WARE SHOALS, S.C. — North Augusta’s Lou Brissie Jr. always remembered his hometown and Monday it remembered him back.
Brissie, 89, who survived horrendous combat wounds in World War II to achieve success as a Major League Baseball pitcher, was honored during a Veterans Day ceremony in which Ware Shoals High School’s Riegel Stadium’s baseball field was renamed in his honor.
The ceremony was streamed live over the Internet to Brissie’s room in Augusta’s Uptown Veterans Administration Hospital.
“Never in my life has anything touched me as much … and it means so much to me,” Brissie said in a response offered to the crowd over loudspeakers. “It’s such a great honor.”
Brown stone pillars of the stadium’s main gate now announce his name on twin plaques, and inside another plaque features Brissie’s image and notes his accomplishments.
Brissie’s wife, Diana, thanked the crowd and particularly Lamar Garrard, of Lincolnton, an Augusta baseball historian, who successfully pushed through the idea to rename the field.
“Now we have a home run,” she said.
Other family members, old teammates, state and local political leaders and a stadium filled with school children waving small American flags, honored all veterans during the ceremony.
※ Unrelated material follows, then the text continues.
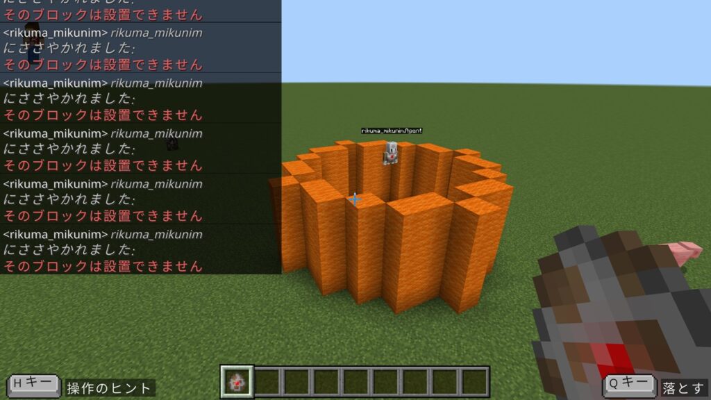 プログラムを動かすと、下の画像のように「そのブロックは設置できません」と表示されますが、円柱は問題なくつくることができています。
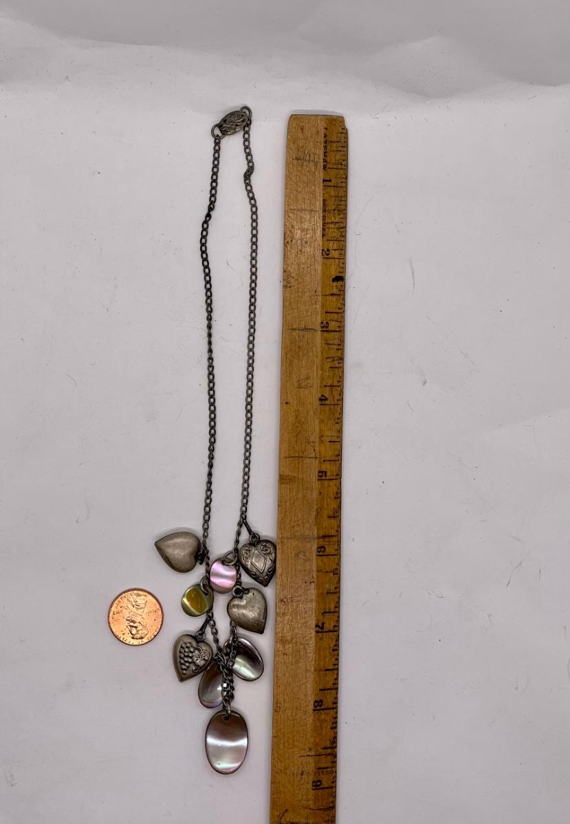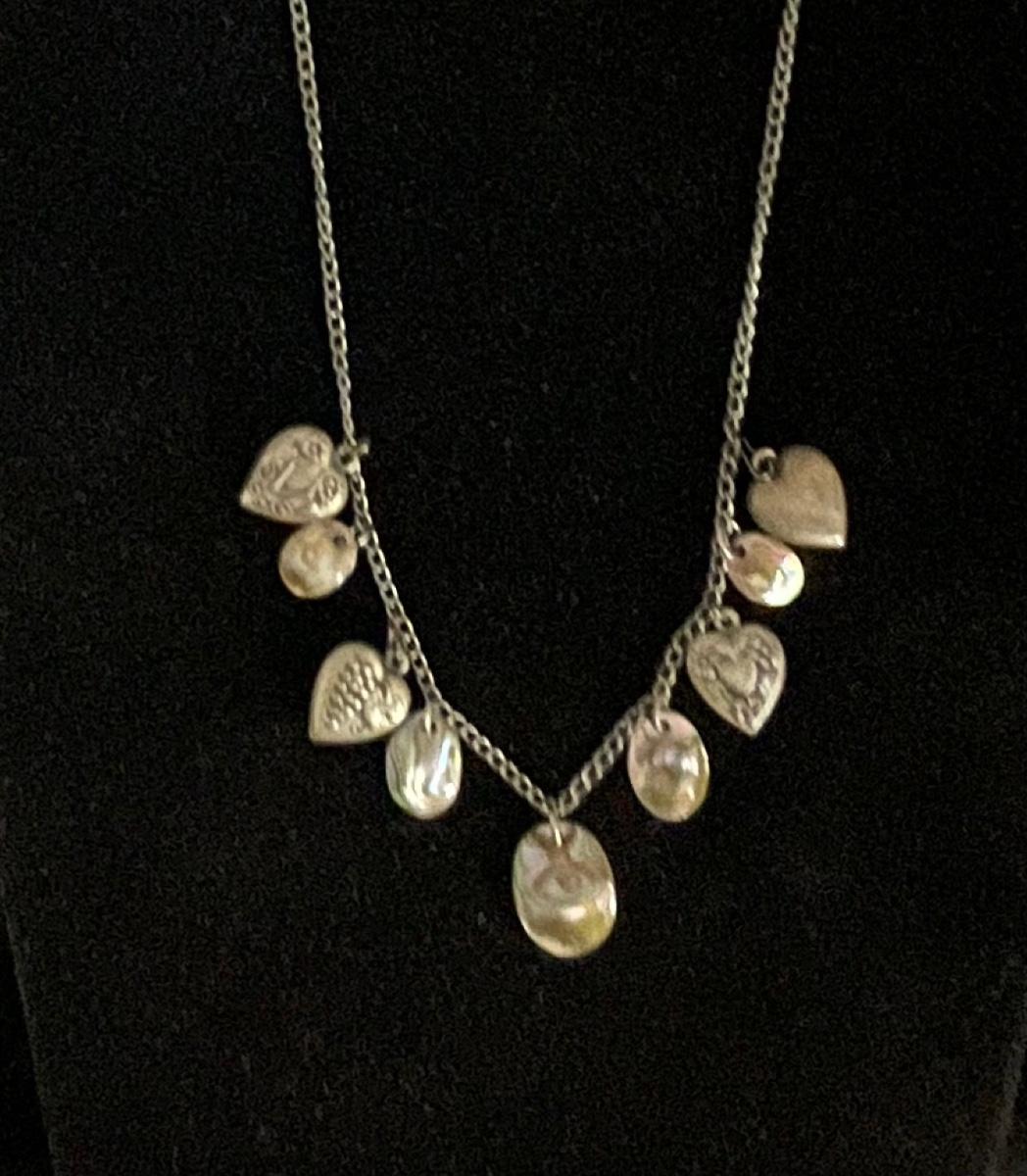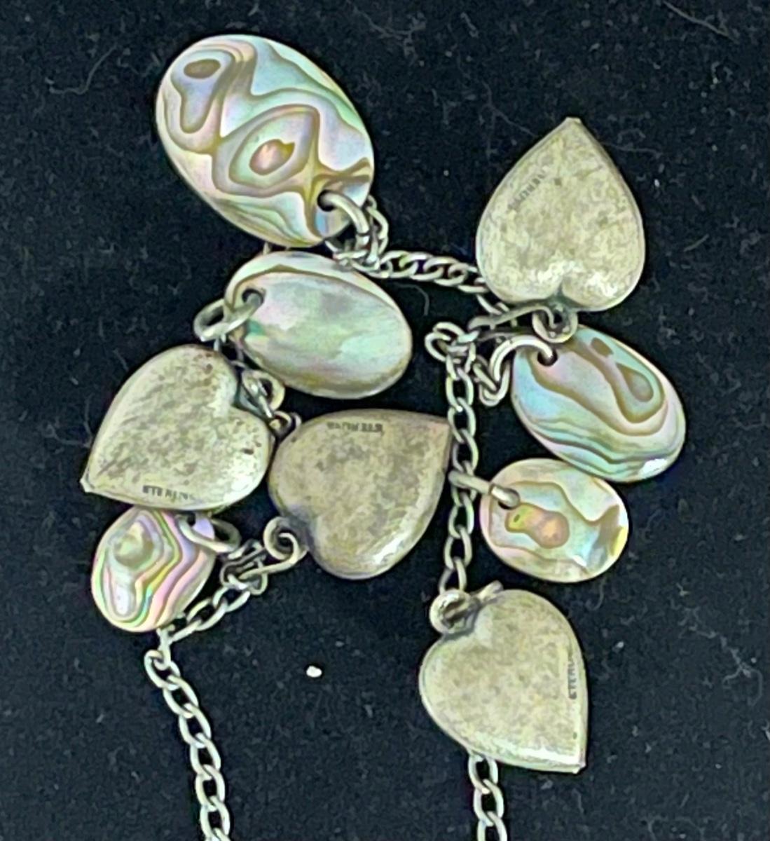 Abalone Mother of Pearl and Sterling Silver Heart Charm Necklace. In good condition. Stamped sterling.

The focus, however, was on Brissie. He graduated from the high school in 1941, attended Presbyterian College, then went off to fight in Europe.
Speaker after speaker praised Brissie’s military service, but they also remembered his baseball skill.
“I was watching the World Series a few weeks ago from Boston,” speaker Daniel Branyon said. “And I said, ‘There on that pitching mound in Fenway Park a boy from Ware Shoals once struck out the greatest hitter who ever lived … Ted Williams.’
“Mr. Brissie, you did Ware Shoals proud.”
Joe Anders, of Easley, S.C., said he met and played with Brissie in Riegel Stadium many years ago and if not for Brissie’s war injuries, he might have had a spectacular career.
“I tell you what, if he’d stayed healthy he’d have been one of the all-time greats,” Anders said.
Signed by Connie Mack, legendary owner of the Philadelphia Athletics, the left-handed Brissie headed for certain stardom. Wartime service, however, sent him to Italy where an exploding shell almost killed him and severely injured his leg.
Brissie endured 23 surgeries to regain his health and resume his career.
Wearing a heavy leg brace, he set minor league pitching records in Savannah before making his major league debut with the then-Philadelphia A’s in 1947.
He was an American League All-Star in 1949, and finished his career in 1953 with the Cleveland Indians. From 1954 to 1961 he was national director of American Legion Baseball.
“Lou Brissie lived the life of a true American patriot,” said Milledge Murray, a friend from North Augusta who attended the Monday event. “He spent many, many years going to the VA, talking to the wounded and giving them encouragement.
“That’s just the kind of guy he is, and that’s why so many people are here today.”